2. The linear actuator (200) of Claim 1, wherein the first damping (252) member has the form of a sleeve that surrounds the piston (240).

3. The linear actuator (200) of Claim 1, wherein the first damping member (252) comprises a fiberglass isolation pad or nitrile rubber.

4. The linear actuator (200) of Claim 1, further comprising: a rod (230) mounted to the piston (240) and slidingly extending through the aperture (264) of the gland (260); a second seal (270) mounted to an inner surface of the aperture (264) of the gland (260) and sealingly engaging the rod (230); and a second damping member (292) mounted to the inner surface of the aperture (264) of the gland (260) and engaging the rod (230), wherein the second seal (270) comprises a different material than the second damping member (292).

5. The linear actuator (200) of Claim 4, wherein the second damping member (292) has the form of a sleeve that surrounds the rod (230).

6. The linear actuator (200) of Claim 4, wherein the first damping member (252) and the second damping member (292) comprise a fiberglass isolation pad or nitrile rubber.

7. The linear actuator (200) of Claim 6, wherein each of the first seal (248) and the second seal (270) comprises an elastomeric material.

8. The linear actuator (200) of Claim 6, wherein each of the first seal (248) and the second seal (270) is an O-ring.

9. The linear actuator (200) of Claim 4, wherein the gland (260) includes a recess (278) extending axially toward the piston (240), the linear actuator (200) further comprising a third damping member (296) mounted within the recess (278) of the gland (260) and slidingly engaging the rod (230).

10. The linear actuator (200) of Claim 9, further comprising: a nut (280) in threaded engagement with a threaded portion of the gland (260); and a fourth damping member (294) disposed between the nut (280) and an end of the cylinder (210).

11. The linear actuator (200) of Claim 4, further comprising:

A nut (280) in threaded engagement with a threaded portion of the gland (260); and a third damping member (294) disposed between the nut (280) and an end of the cylinder (210).
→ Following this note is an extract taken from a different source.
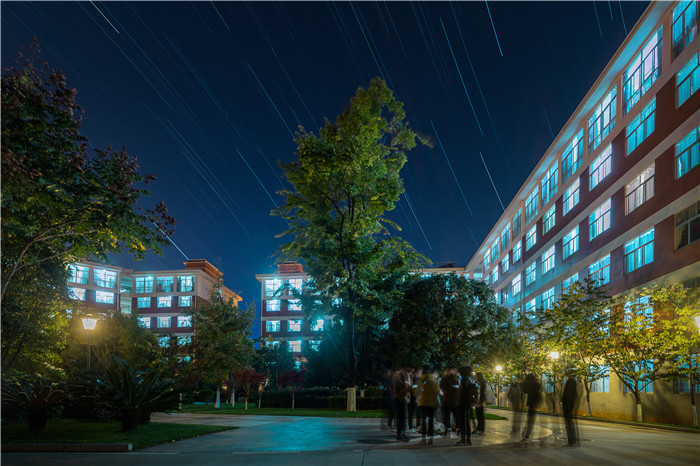 学校的公寓式学生宿舍颇具规模,其环境优美,宜居宜学,配置的房间是四人间,房间内有附带24小时热水淋浴设备的卫生间,每层楼设有公共卫生间、洗衣间和自习室。学生公寓生活区有庭院亭榭、林荫小道、芳草绿茵等,还设有工商银行ATM自动取款机和小型超市等服务设施。
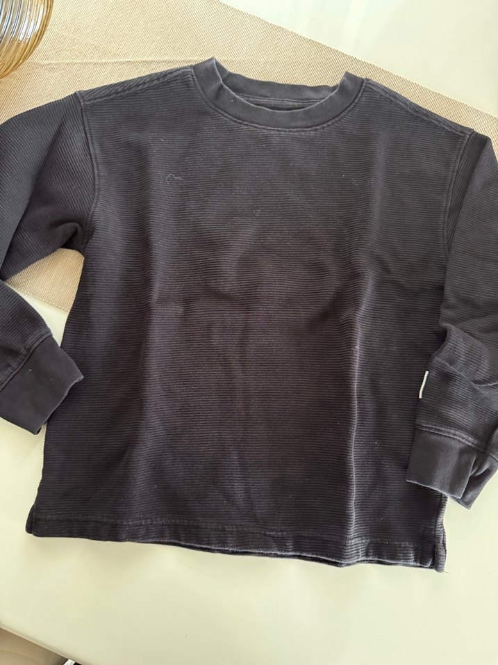 Siyah renkli, yuvarlak yaka ve uzun kollu erkek çocuk sweatshirtü, bol kesim ve yumuşak, sıcak kumaştan üretilmiştir. Düz ve normcore tarzındadır.

12. A linear actuator (200), comprising: a cylinder (210) having a central cavity (212); a gland (260) mounted to the cylinder (210) and having an aperture (264) extending therethrough; a piston (240) slidably disposed within the central cavity (212), the piston (240) including: a body (242); and a piston seal (248) mounted to an outer surface of the body (242) and sealingly engaging the cylinder (210); a rod (230) mounted to the piston (240) and slidingly extending through the aperture (264) of the gland (260); a nut (280) in threaded engagement with a threaded portion of the gland (260); and a first damping member (294) disposed between the nut (280) and an end of the cylinder (210).
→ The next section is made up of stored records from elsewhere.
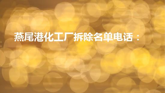 本文介绍了燕尾港化工厂拆除名单电话:一个安全和环保的进程,重点关注了拆除过程中的安全和环保问题。本文旨在引起读者的兴趣,并提供相关的背景信息。
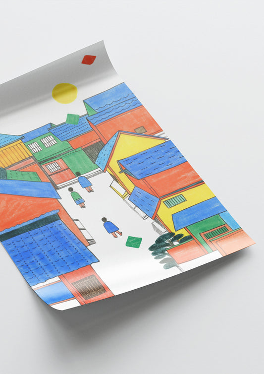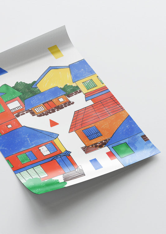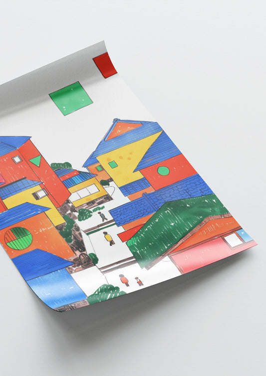 Affiche déco chambre bébé enfant - Japon primaire A géométrie - bleu rouge
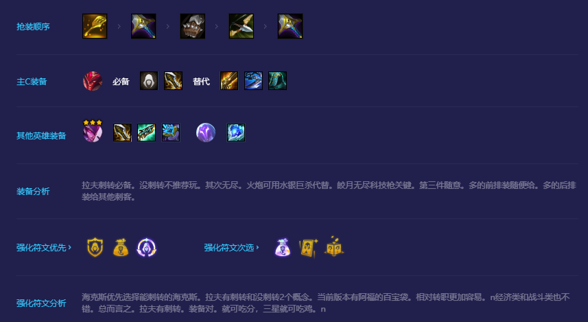 开局优先抢大剑其次攻速拳套都行。前期铲子开局或者第一轮海克斯给刺客转职。或者第一轮野怪给发拉夫直接玩。2阶段推荐连败。有拉夫更佳。叠加拉夫被动。选秀优先考虑刺转或无尽火炮。3-2拉6D。凑出4刺4屠龙即可。切记。没刺转不玩。

13. The linear actuator (200) of Claim 12, wherein the gland (260) includes a recess (278) extending axially toward the piston (240), the linear actuator (200) further comprising a second damping member mounted (296) within the recess (278) of the gland (260) and slidingly engaging the rod (230).
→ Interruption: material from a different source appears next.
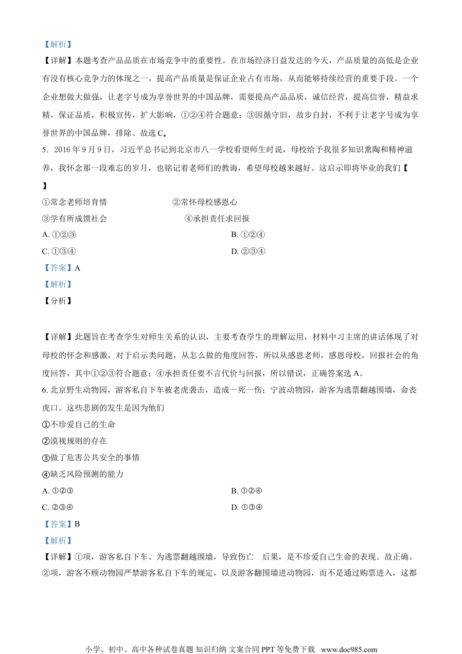2017年陕西省思想品德中考试卷第一卷(选择题)A卷1.2016年9月4日至5日,二十国集团领导人第_____次峰会在中国杭州举行。会议就推进世界经济强劲、可持续、平衡和包容增长的一揽子政策和措施达成“_____”.()A.十一全球共识B.十二高速C.十一杭州共识D.十二全球共识【答案】C【解析】【详解】时事解析略2.2017年1月20日,国家统计局公布,2016年我国国内生产总值___突破70亿元,为744127亿元,按可比价格计算,比上年增长6.7%。这仍属于______增长A.首次中高速B.第二次高速C.首次高速D.第二次中高速【答案】A【解析】【详解】时事解析略3.2017年4月1日,新华社北京电,中共中央、国务院决定设立河北雄安新区。这对于集中疏解北京_____功能,调节优化_____城市布局和空间结构等,具有重大现实意义和深远历史意义。A.非首都京津晋B.非首都京津冀C.非行政京津晋D.非行政京津冀【答案】B【解析】【详解】时事解析略4.2018年5月10日是第二个“中国品牌日”。中华老字号是优秀民族品牌的代表,让“老字号”成为享誉世界的中国品牌,应该①诚信经营,提高信誉②精益求精,保证品质③固守传统,一成不变④积极宣传,扩大影响A.①②③B.②③④C.①②④D.①③④【答案】C小学、初中、高中各种试卷真题知识归纳文案合同PPT等免费下载www.doc985.com【解析】【详解】本题考查产品品质在市场竞争中的重要性。在市场经济日益发达的今天,产品质量的高低是企业有没有核心竞争力的体现之一,提高产品质量是保证企业占有市场,从而能够持续经营的重要手段。一个企业想做大做强,让老字号成为享誉世界的中国品牌,需要提高产品品质,诚信经营,提高信誉,精益求精,保证品质,积极宣传,扩大影响,①②④符合题意;③因循守旧,故步自封,不利于让老字号成为享誉世界的中国品牌,排除。故选C。5.2016年9月9日,习近平总书记到北京市八一学校看望师生时说,母校给予我很多知识熏陶和精神滋养,我怀念那一段难忘的岁月,也铭记着老师们的教诲,希望母校越来越好。这启示即将毕业的我们【】①常念老师培育情②常怀母校感恩心③学有所成馈社会④承担责任求回报A.①②③B.①②④C.①③④D.②③④【答案】A【解析】【分析】【详解】此题旨在考查学生对师生关系的认识,主要考查学生的理解运用,材料中习主席的讲话体现了对母校的怀念和感激,对于启示类问题,从怎么做的角度回答,所以从感恩老师,感恩母校,回报社会的角度回答,其中①②③符合题意;④承担责任要不言代价与回报,所以错误,正确答案选A。6.北京野生动物园,游客私自下车被老虎袭击,造成一死一伤;宁波动物园,游客为逃票翻越围墙,命丧虎口。这些悲剧的发生是因为他们①不珍爱自己的生命②漠视规则的存在③做了危害公共安全的事情④缺乏风险预测的能力A.①②③B.①②④C.②③④D.①③④【答案】B【解析】【详解】①项,游客私自下车、为逃票翻越围墙,导致伤亡的后果,是不珍爱自己生命的表现。故正确。②项,游客不顾动物园严禁游客私自下车的规定,以及游客翻围墙进动物园,而不是通过购票进入,这都小学、初中、高中各种试卷真题知识归纳文案合同PPT等免费下载www.doc985.com是对规则的漠视。故正确。③项,游客私自下车、翻墙进动物园危害了自己的生命安全,并没有危害公共安全。故错误。④项,游客私自下车、翻墙时忽略了可能被老虎伤害的风险,缺乏一定的风险预测能力。故正确。综上所述,因为①②④正确,③错误,所以,本题正确答案为B。7.新修订的《最高人民法院关于公布被执行人名单信息的若干规定》中指出,“被执行人为未成年人的,人民法院不得将其纳入失信被执行人名单”。这一规定①增强了未成年人自我保护意识②有利于未成年人的健康成长③体现了对未成年人的司法保护④体现了教育为主、惩罚为辅的原则A.①②③④B.①②④C.①③④D.②③④【答案】D【解析】【详解】题干表述了如果失信人为未成年人的,人民法院不得将其纳入失信被执行人名单,这体现着对未成年人的特殊保护,属于司法保护,体现了教育为主、惩罚为辅的原则,也有利于未成年人的健康成长,所以②③④是正确的,①与题意不符,排除,故选D。【点睛】未成...

14. The linear actuator (200) of Claim 13, further comprising: a gland seal (270) mounted to an inner surface of the aperture (264) of the gland (260) and sealingly engaging the rod (230); a third damping member (252) mounted to the outer surface of the body (242) and engaging the cylinder (210), wherein the third damping (252) member comprises a different material than the piston seal (248); and a fourth damping member (292) mounted to the inner surface of the aperture (264) of the gland (260) and engaging the rod (230), wherein the fourth damping member (292) comprises a different material than the gland seal (270).

15. The linear actuator (200) of Claim 13, wherein one or both of the first and second damping members (294, 296) comprises a fiberglass isolation pad or nitrile rubber.